The Aquarius, run by Franco-German charity SOS Mediterranee and Doctors without Borders (MSF), picked up the people in two separate operations and is in international waters between Italy and Malta.
Malta said it had no legal obligation to berth the ship and Spain said its ports were not the safest destination.
Italy called on Britain to welcome the Aquarius because it was registered in Gibraltar, but the British territory on Spain’s southern coast said it should go to an Italian port.
More than 650,000 migrants have come to Italy’s shores since 2014, and Rome has accused its EU peers of not sharing the burden of taking in those who arrive on the bloc’s southern border.
The Aquarius spent nine days at sea in June after Italy’s new populist government took office and shut its ports to all humanitarian boats, calling its operators a “taxi service” and accusing them of helping people-smugglers — charges the charities deny.
“It can go where it wants, not in Italy!” far-right Interior Minister Matteo Salvini said on Twitter on Monday, mentioning France, Germany, Britain or Malta as possible destinations.
“Stop human traffickers and their accomplices,” he wrote.
Transport Minister Danilo Toninelli, who oversees ports and the coast guard, tweeted that, because of the Gibraltar connection, Britain “should assume its responsibility to safeguard the castaways”.
The Gibraltar government said in a statement the ship could no longer fly a Gibraltar flag from Aug. 20 and should revert back to the “underlying owners’ flag,” which is Germany.
Meanwhile, the Aquarius should be allowed to disembark “safely and promptly” at an Italian port.
The European Commission was in touch with several EU states and trying to help resolve the situation, a spokesman in Brussels said.
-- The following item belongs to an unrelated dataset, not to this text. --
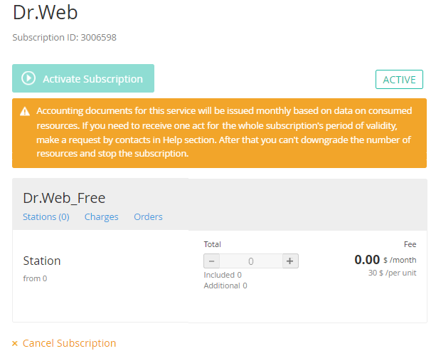 All Stations with the Running status receive the Stopped status. The status of deleted Stations does not change. The billing is stopped next day after Subscription cancellation.

While Britain could theoretically be considered as a destination port, it was not practical to bring the ship there.
Malta rejected any suggestion the Aquarius should dock in its ports, saying the latest rescue was made closer to Libya, Tunisia and Italy than to its own shores.
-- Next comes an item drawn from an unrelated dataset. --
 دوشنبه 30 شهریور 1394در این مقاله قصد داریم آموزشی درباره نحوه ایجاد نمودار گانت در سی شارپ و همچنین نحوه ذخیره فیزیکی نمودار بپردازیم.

“Malta was neither the coordinating nor the competent authority (and) …the requests for the vessel to enter our ports are unwarranted and without legal standing,” it said in a statement.
Earlier on Monday, Malta’s armed forces rescued 114 migrants from a rubber dinghy taking on water 53 nautical miles (100 km) south of Malta and brought them back to the island.
In June, the Aquarius ended up taking some 630 migrants to Spain, which welcomed it. But on Monday, a government spokeswoman in Madrid said: “Spain is not the safest port because it is not the nearest one” for the ship to dock.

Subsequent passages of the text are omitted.